Beyond Caring About Actresses: Rape Culture & White Privilege

Another Pandora’s box has opened - except that for most of us, the evils come as no surprise. Just a bitter confirmation of what we all know: our patriarchal culture thrives on rape through all forms of actual and metaphorical abuse of the female body, mind and soul. We don’t need a rapist-in-chief to realize America loves rape. Just note the disproportionate number of TV shows and films that fetishize the rape, murder, sexual assault and objectification of women, as brilliantly illustrated in Kristy Guevara-Flanagan’s 2016 short film What Happened to Her (pictured above). In other words, if rape didn’t sell, we wouldn’t see it.
For three years Who Cares About Actresses has insisted that actresses matter. Our blog was created in response to disparaging remarks we received while trying to finance a feminist film about a burnt-out actress who wants to escape a sexist Hollywood. Well, now Hollywood is burning, and sadly, our point has been made. As avatars of female representation, actresses point to the larger culture’s misogyny and they’ve finally begun to speak out en masse. And despite the patronizing presumptions we make about them, it is they who finally broke the camel’s back, leading to a domino effect. It was actresses, not congresspeople, CEOs, law enforcement officials or public intellectuals who finally brought a Hollywood power player criminal to his knees, and hopefully to jail.
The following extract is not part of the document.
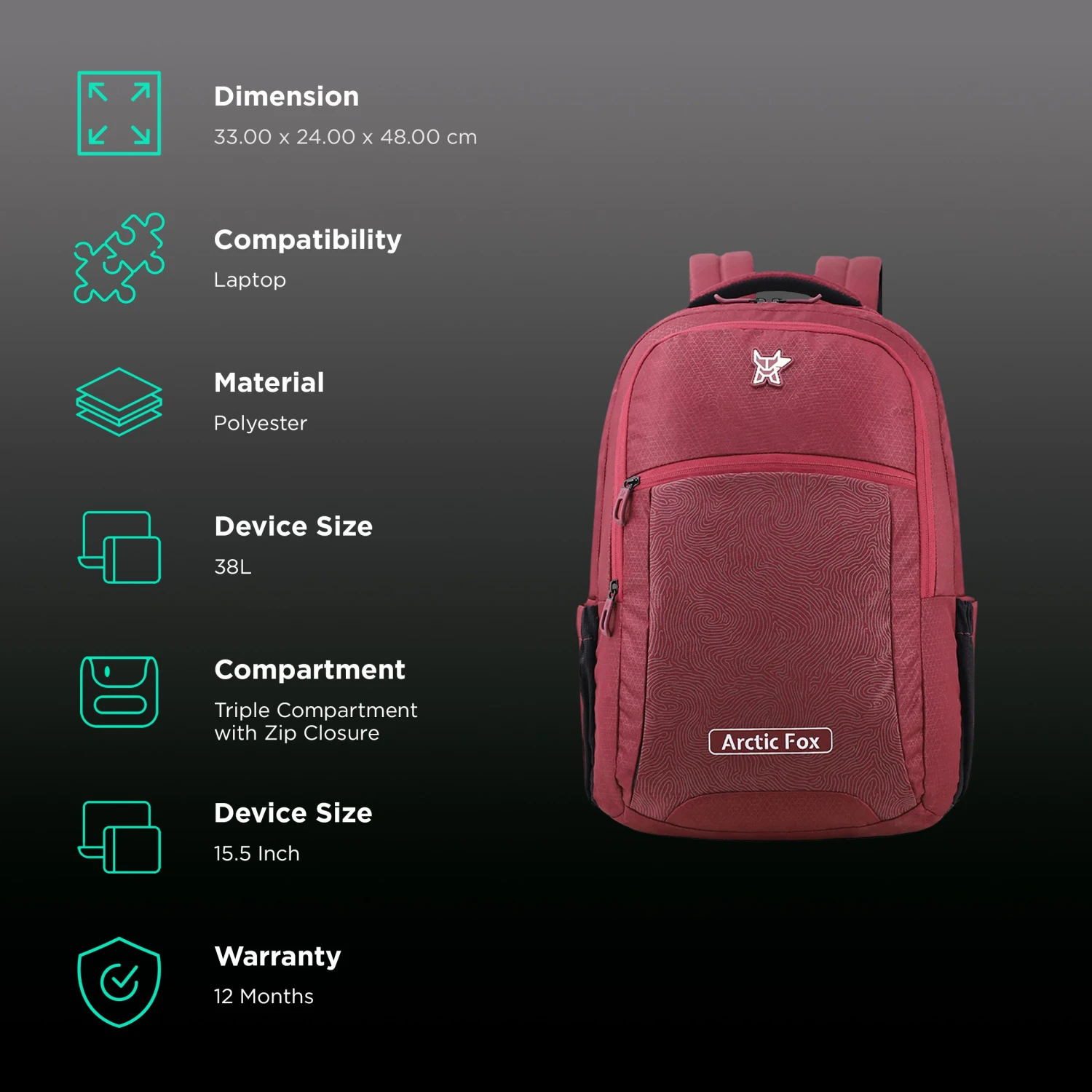 Be the first to review “Arctic Fox Trace Polyester Laptop Backpack For 15.5 Inch Laptop (38 L, With Rain Cover, Tawny Port)” Cancel reply

About a year ago, the story broke on how the infamous ‘butter’ sex scene from Last Tango in Paris (1972) was not consensual. 45 years ago, Marlon Brando, the most famous actor of his generation, simulated manual anal penetration on the young French actress Maria Schneider without her consent. She was a 19-year-old unknown actor in her first major film role before the term “sexual harassment” was even in use. The power stakes were stacked against her in this creative scheme between Brando and the critically acclaimed Italian director Bernardo Bertolucci. In 2016, people - including many Hollywood actresses - were appalled and outraged but the heart-breaking reality is that Schneider had never kept this a secret, and for years openly talked about the traumatic impact of Bertolucci’s treatment of her. It was not until after her death in 2011, and until a video of Bertolucci himself addressing the accusations was discovered, that her account was taken seriously. “I had been, in a way, horrible to Maria because I didn’t tell her what was going on,” said Bertolucci. He insisted he doesn’t regret the film, and defended the approach to the scene because he “wanted her reaction as a girl, not as an actress. I wanted her to react humiliated.”
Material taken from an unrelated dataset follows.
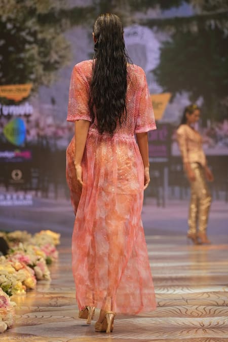 Buy_Rahul Singh_Pink Chanderi , Sequins, Beads Round Hand Embroidered Dress Bustier Set _at_Aza_Fashions

Actresses always reflect how our culture treats women, and they deserve applause for finally exposing the brutal misogyny of the industry - as there are many women who have been trying to do this for years. But this is just the tip of the iceberg. Both in Hollywood, and in our country, the accounts of white, privileged cis-gendered female bodies are the only women’s narratives that generally can be heard, told or seen. We credit Hollywood actresses for risking their professional and personal lives, but the racial implications of the situation is disturbing and complex. Not only has this abuse been going on for decades, but as Jane Fonda pointed out, the only reason their stories are now being heard is because they are “famous and white.” American power structures are far more interested in protecting “beautiful” white women because frankly, those are the only women that are valuable to them.
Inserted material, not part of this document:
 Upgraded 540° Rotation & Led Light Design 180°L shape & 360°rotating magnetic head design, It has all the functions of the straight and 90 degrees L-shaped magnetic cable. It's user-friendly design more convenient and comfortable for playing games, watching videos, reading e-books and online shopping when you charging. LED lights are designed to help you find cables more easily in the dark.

It is not a coincidence that the only allegation Harvey Weinstein directly acknowledged and disputed was that of Lupita Nyong’o’s. It suggests that as much as we deny the rape of white women, we deny the rape of women of color even more, perhaps making it safer for Weinstein to deny Nyong’o’s experience than all the other accounts. This country was built upon a system of slavery in which black men were lynched for just talking to white women, while white masters were free to rape their black slaves. This history is still embedded in how we talk about rape today. We think of all the unnamed women who have been sexually assaulted by Weinstein and by men representing every institution of power in America. We think of these women who didn’t go on to have careers and a platform on which to speak about this, and we think of all the women of color who know that they would be treated differently than the white women who have come forward, even if their experiences were exactly the same. (And it’s not like all the actresses that have come forward have been treated so well).
Obviously, we care about actresses, and don’t want to minimize the profound service they have given us by bringing this criminal down, and the incredible trickle effect of their accusations. But until we are concerned about the abuse of incarcerated women, trans women, women of color, disabled women and poor women, and all the intersections within that, we will continue to live in a brutal rape culture. The #metoo campaign was initiated a decade ago by an African American woman activist, Tarana Burke, but only gained traction over the past few weeks after such high profile white celebrities spoke up. In order to dismantle the patriarchal machine that weaves such abuse into the fabric of our culture and our psyches, we must attend to the sexual abuse of ALL victims and survivors, not just the ones who walk the red carpet.